Dataset extract:
◆ ◆ ◆ ◆ ◆ ◆ ◆

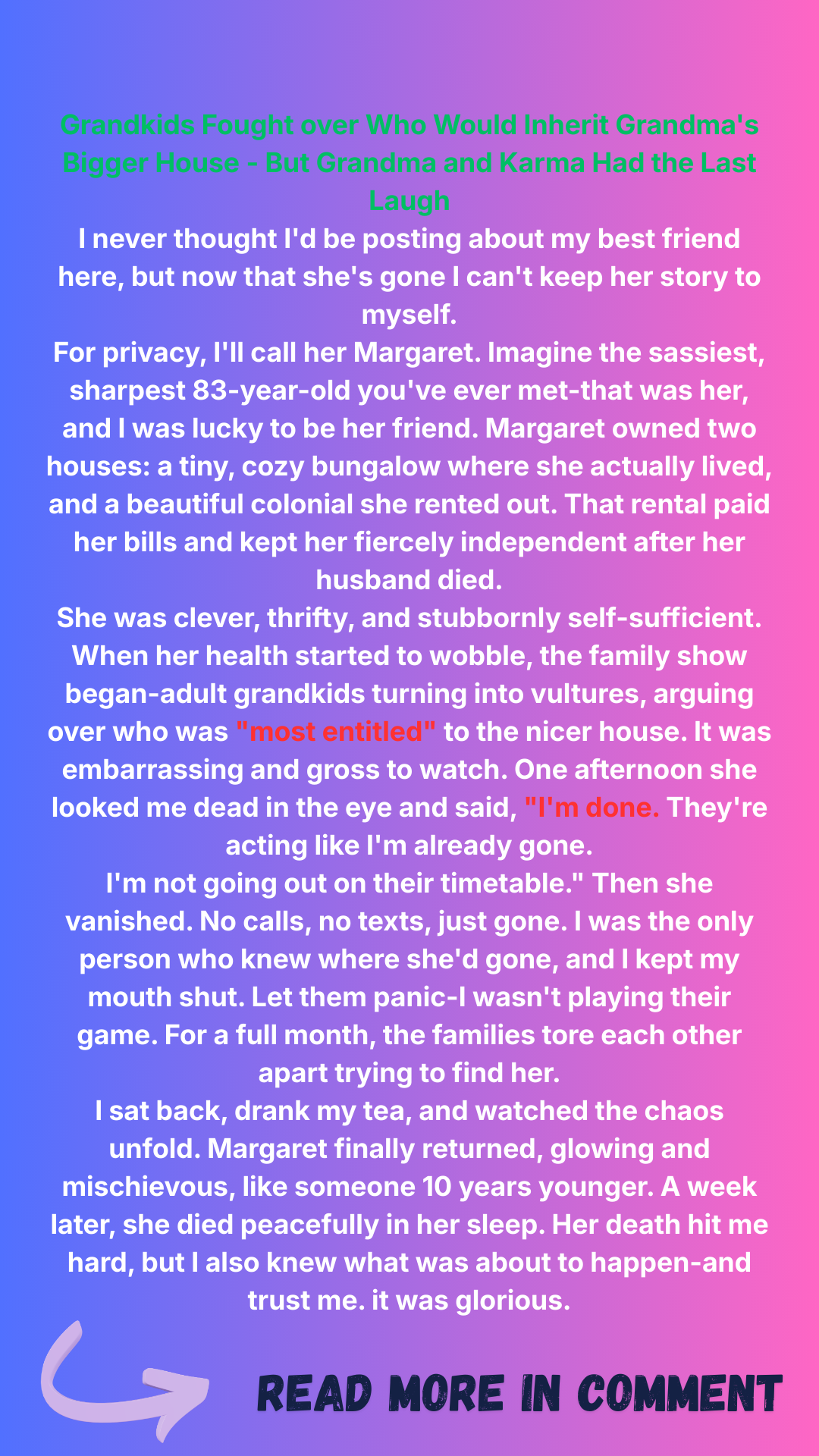 I stood on my porch, clutching the card, tears stinging my eyes. Margaret wasn’t just gone. She was free. And as much as I missed her, I couldn’t help but feel a little envious.
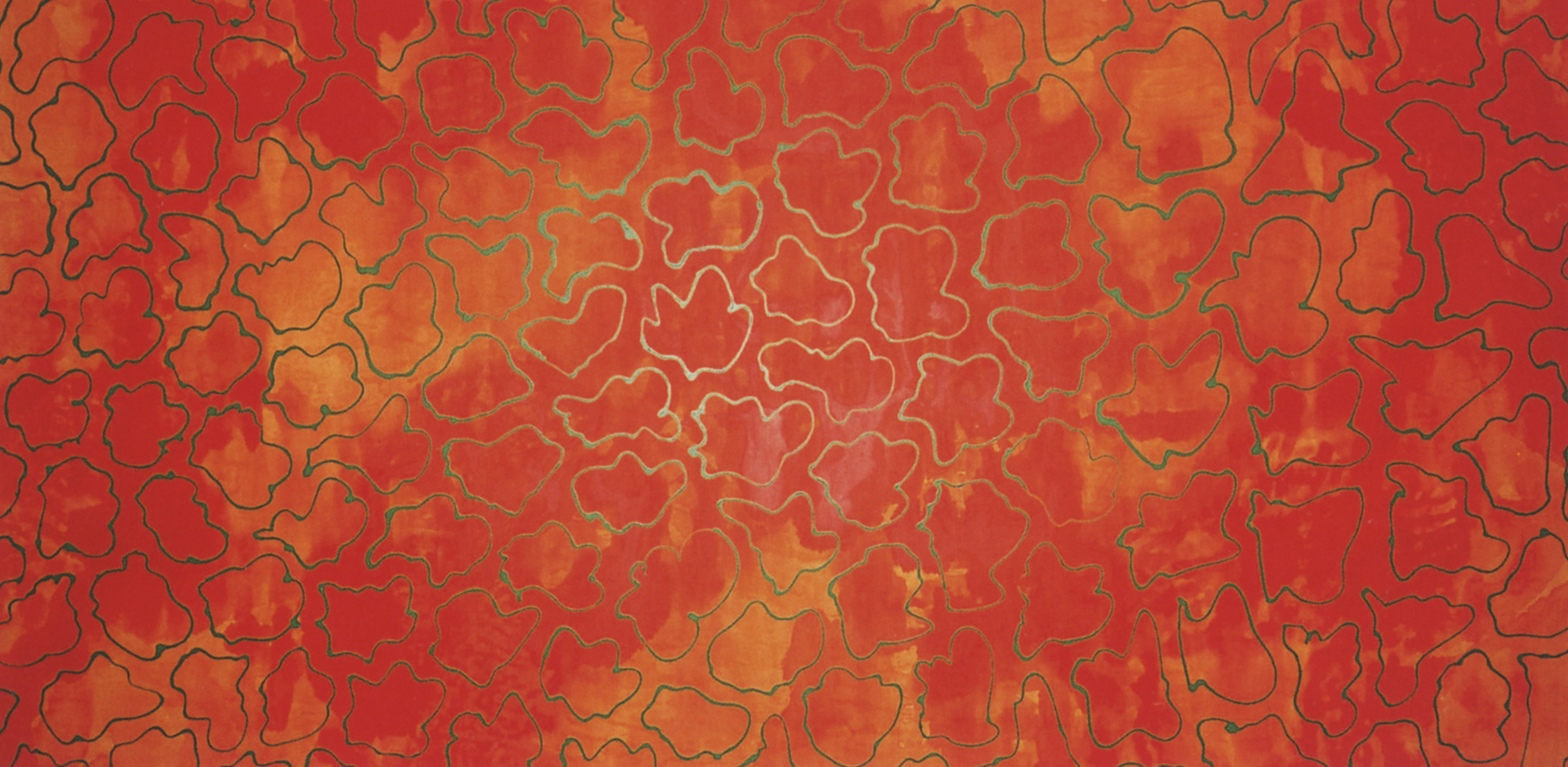 1992年にギャラリー現で2度目の個展を開催することになり、父の京北町の実家で制作したのがこの作品です。比較的広い場所があったのでギャラリーの一番大きな壁をきれいに埋めてみようと目論んで懸命に制作しました。おおらかな空気や風の流れのような浮遊感の中に身を委ね、アメーバなのか、生き物なのか、意味不明な気持ちの良い空白感と何か熱いエネルギーの予感を感じる両面性を持ったペインティングを制作していました。これも一筆書きのように下地を制作し十分乾燥した時間に一気に線描しています。この作品は、その後、石川県の穴水町に運びボイスを考える部屋・穴水展にも出品。そこでは、屋内にこの作品ともう一点の平面を展示。屋外に大型の彫刻作品を現地制作しました。
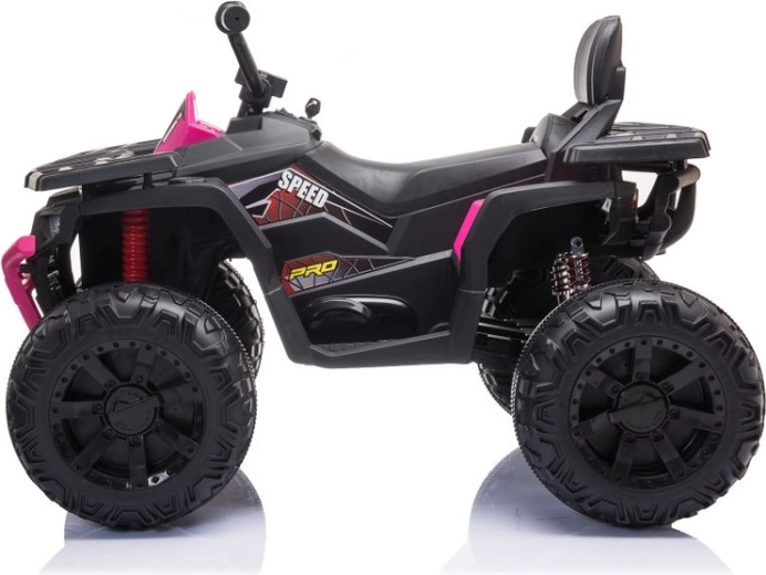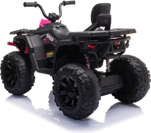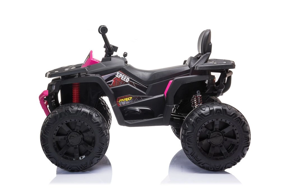 De roze‑zwarte look met beschermende bumper en realistische details geeft de quad een aantrekkelijke off‑road stijl.
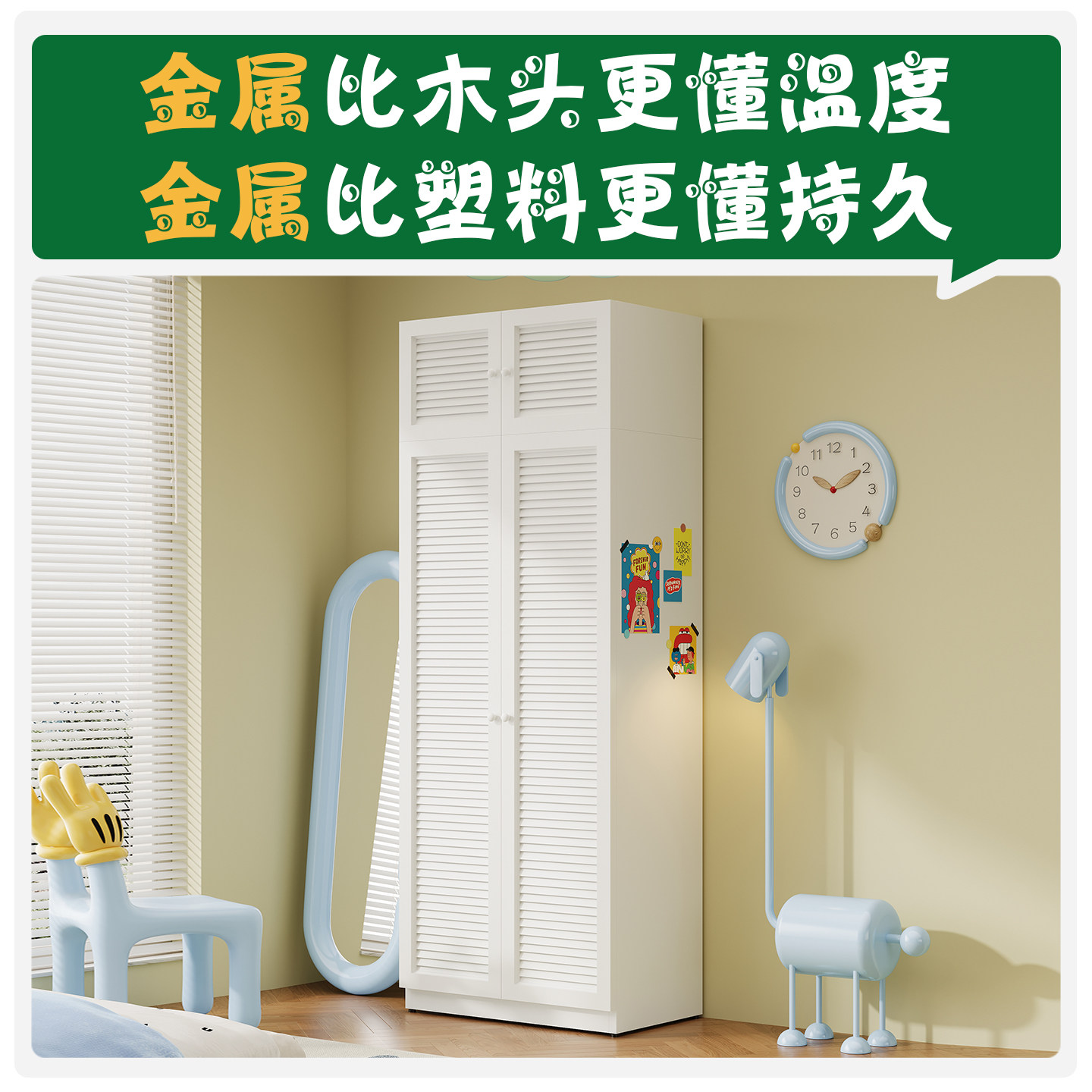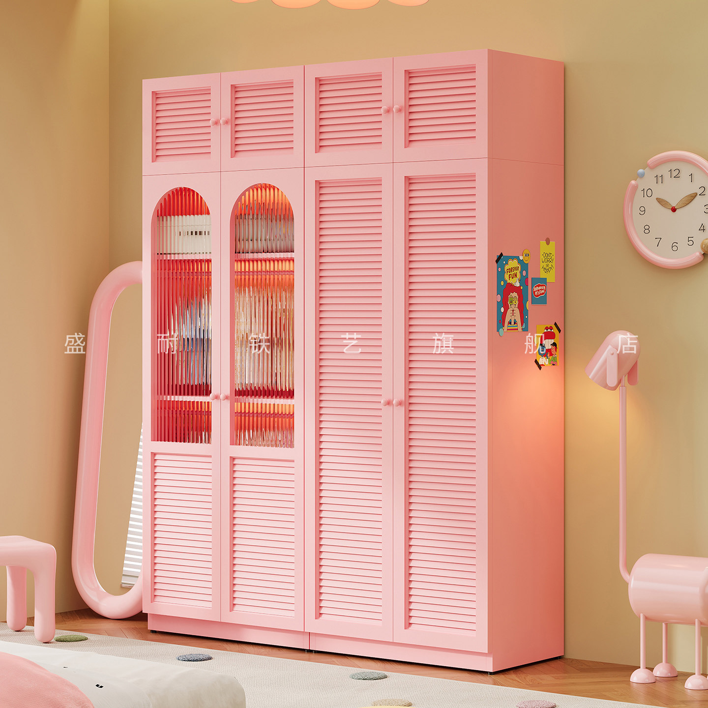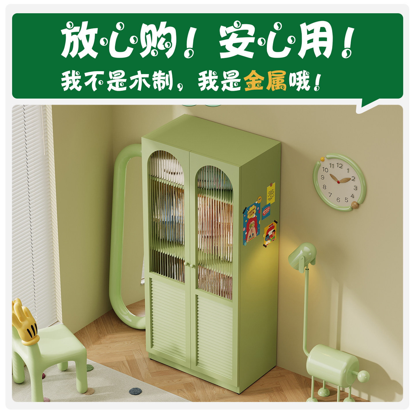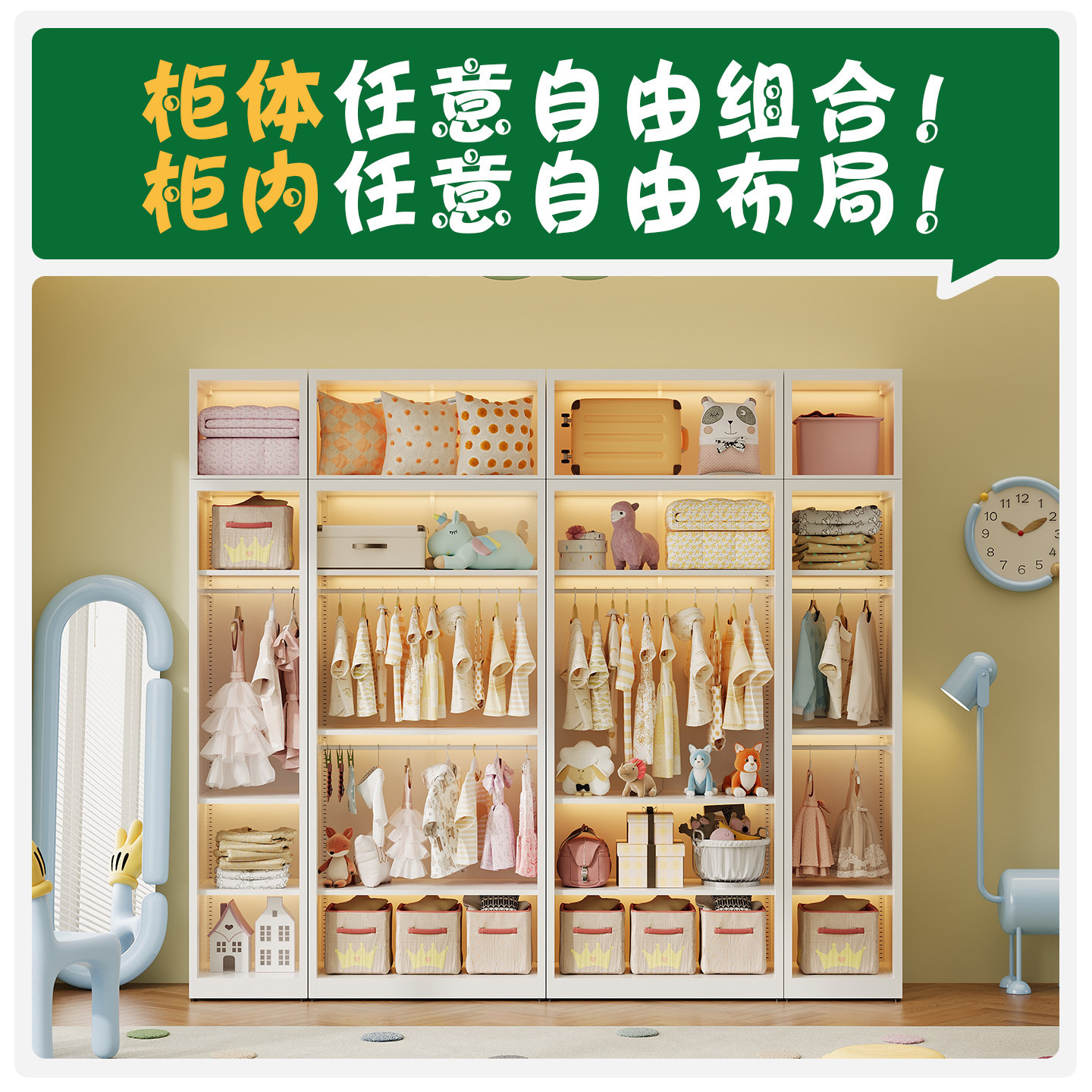 📚 多巴胺加厚儿童衣柜卧室家用组合收纳柜小户型房间整体铁皮储物柜

◆ ◆ ◆ ◆ ◆ ◆ ◆

The response has to be an exact copy of all the data, pictures excluded.

Response to the task:
 I stood on my porch, clutching the card, tears stinging my eyes. Margaret wasn’t just gone. She was free. And as much as I missed her, I couldn’t help but feel a little envious.
 1992年にギャラリー現で2度目の個展を開催することになり、父の京北町の実家で制作したのがこの作品です。比較的広い場所があったのでギャラリーの一番大きな壁をきれいに埋めてみようと目論んで懸命に制作しました。おおらかな空気や風の流れのような浮遊感の中に身を委ね、アメーバなのか、生き物なのか、意味不明な気持ちの良い空白感と何か熱いエネルギーの予感を感じる両面性を持ったペインティングを制作していました。これも一筆書きのように下地を制作し十分乾燥した時間に一気に線描しています。この作品は、その後、石川県の穴水町に運びボイスを考える部屋・穴水展にも出品。そこでは、屋内にこの作品ともう一点の平面を展示。屋外に大型の彫刻作品を現地制作しました。
 De roze‑zwarte look met beschermende bumper en realistische details geeft de quad een aantrekkelijke off‑road stijl.
 📚 多巴胺加厚儿童衣柜卧室家用组合收纳柜小户型房间整体铁皮储物柜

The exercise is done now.